No, Soy leghemoglobin likely contains high levels of FODMAPs when consumed in typical serving sizes, although it has not been officially tested. Avoid Soy leghemoglobin to help prevent symptoms. For tailored advice, consider consulting a dietitian specializing in FODMAPs to ensure it suits your dietary needs.
Possible FODMAPs: fructans, fructose, gos, mannitol, sorbitol
Best Low FODMAP alternatives to Soy leghemoglobin for your diet
You can substitute Soy leghemoglobin with firm tofu, canned lentils and edamame. These alternatives work well in most recipes and are easier on your stomach if you’re following a low FODMAP diet.
Is soy leghemoglobin good for people with IBS?
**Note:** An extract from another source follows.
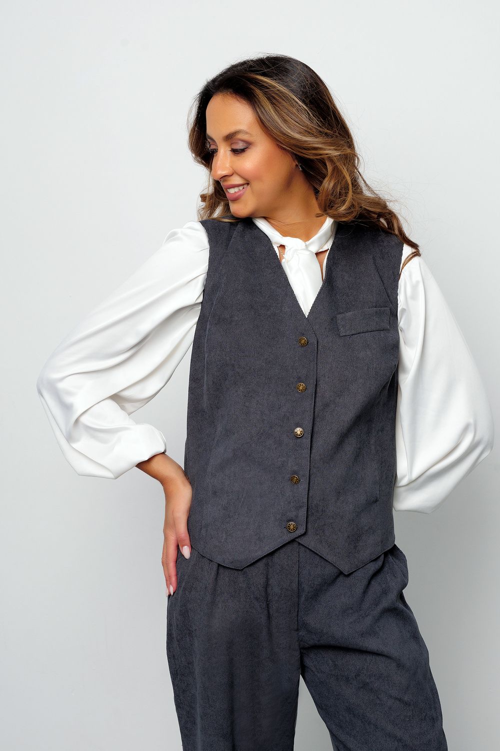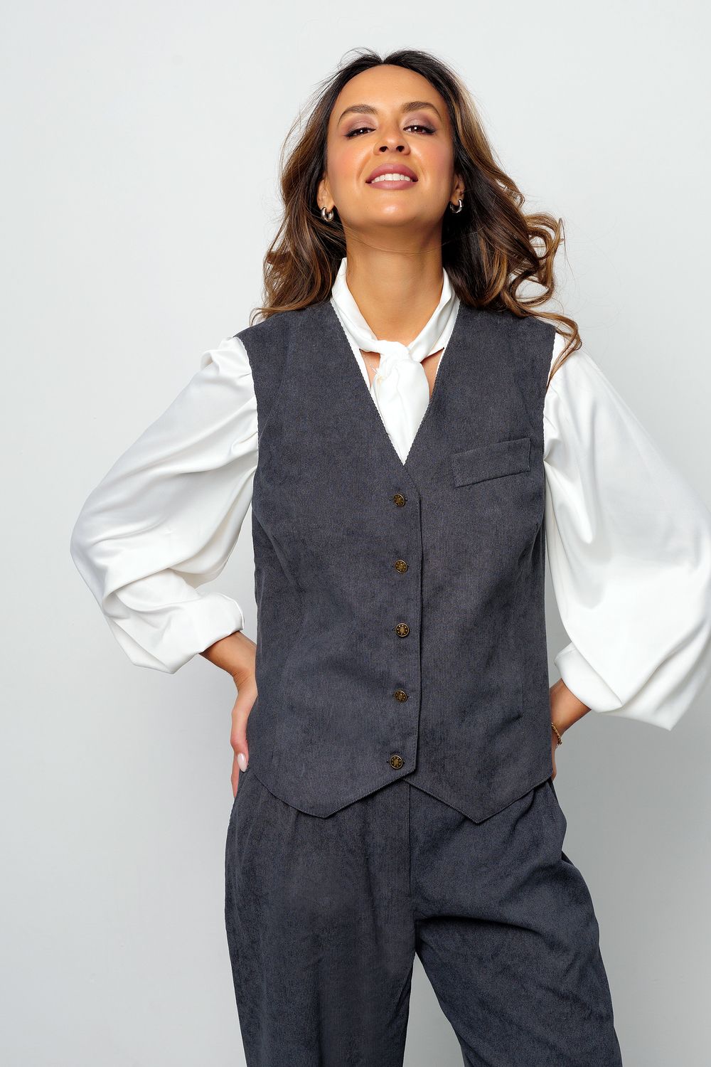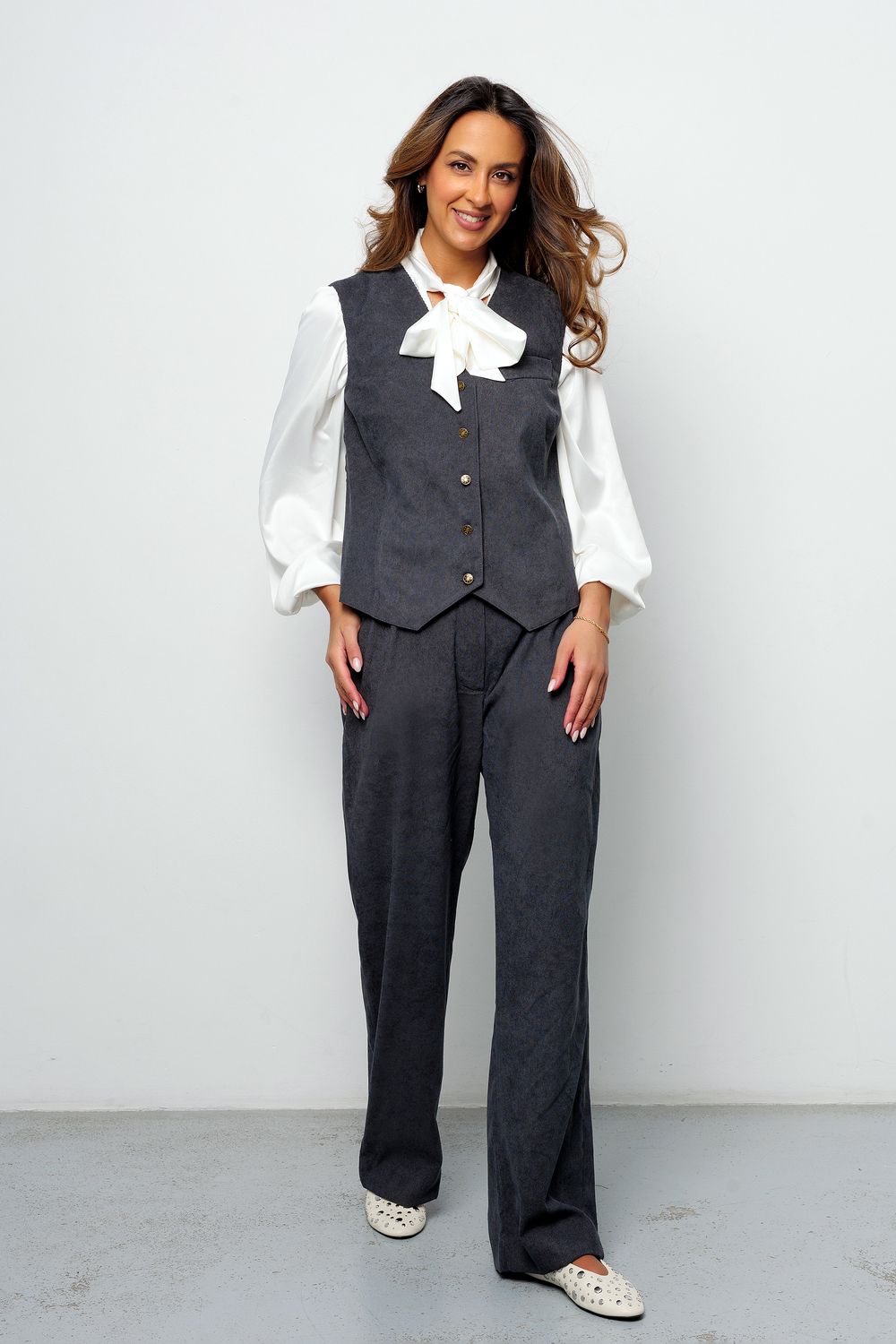 Костюм брючный вельветовый с жилеткой 399GRY - серый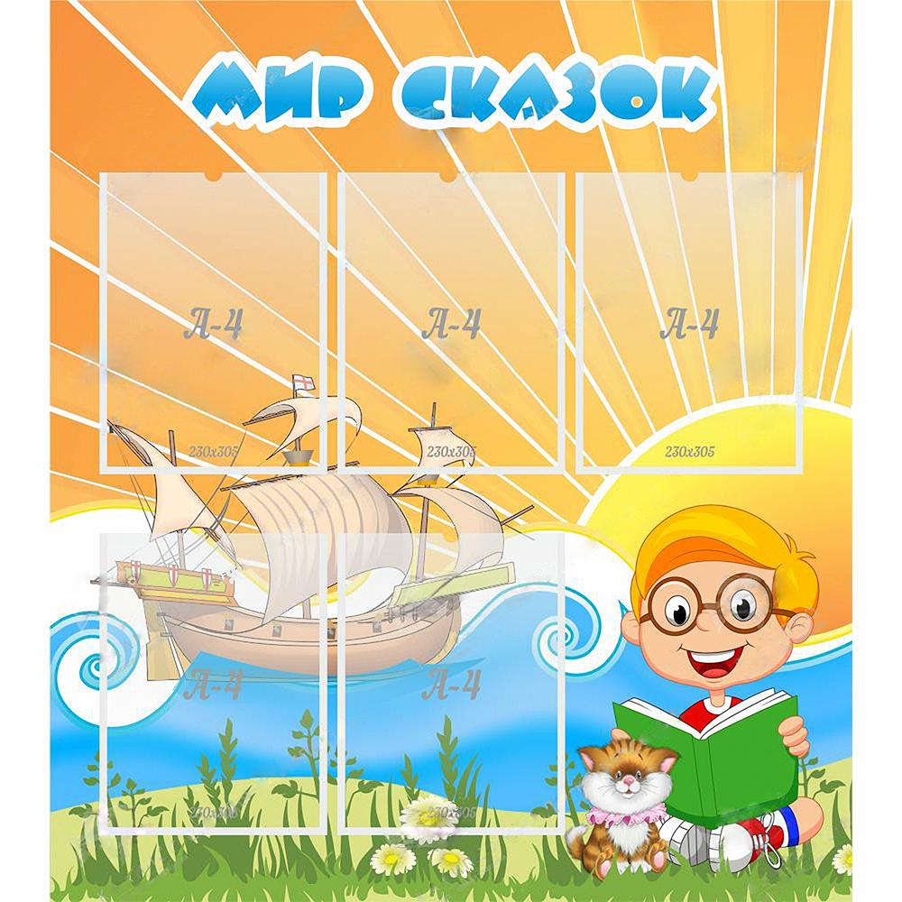 Необычный дизайн стенда привлечет внимание детей. На фоне изображено море и плывущий по волнам корабль. Яркое солнце освещает бушующее море. На берегу растет зеленая трава, в которой спрятались белые ромашки. Основная цветовая гамма стенда – оранжевая.

Soy leghemoglobin can be high or low in FODMAPs depending on the serving size. For those managing IBS or SIBO during the elimination phase, it’s recommended to stick to smaller, safer portions, limit medium portions, and avoid large ones in a single meal. Allow adequate time between meals to support digestive processing and minimize potential IBS symptom triggers.
Pro tip: Ingredients under 2% of a product or used for colouring are typically too minimal to trigger FODMAP reactions.
About Soy leghemoglobin
Soy leghemoglobin, commonly used in plant-based meat alternatives to mimic the colour and flavour of real meat, is a protein derived from soy plants and is generally considered safe for consumption, though some individuals may experience allergic reactions.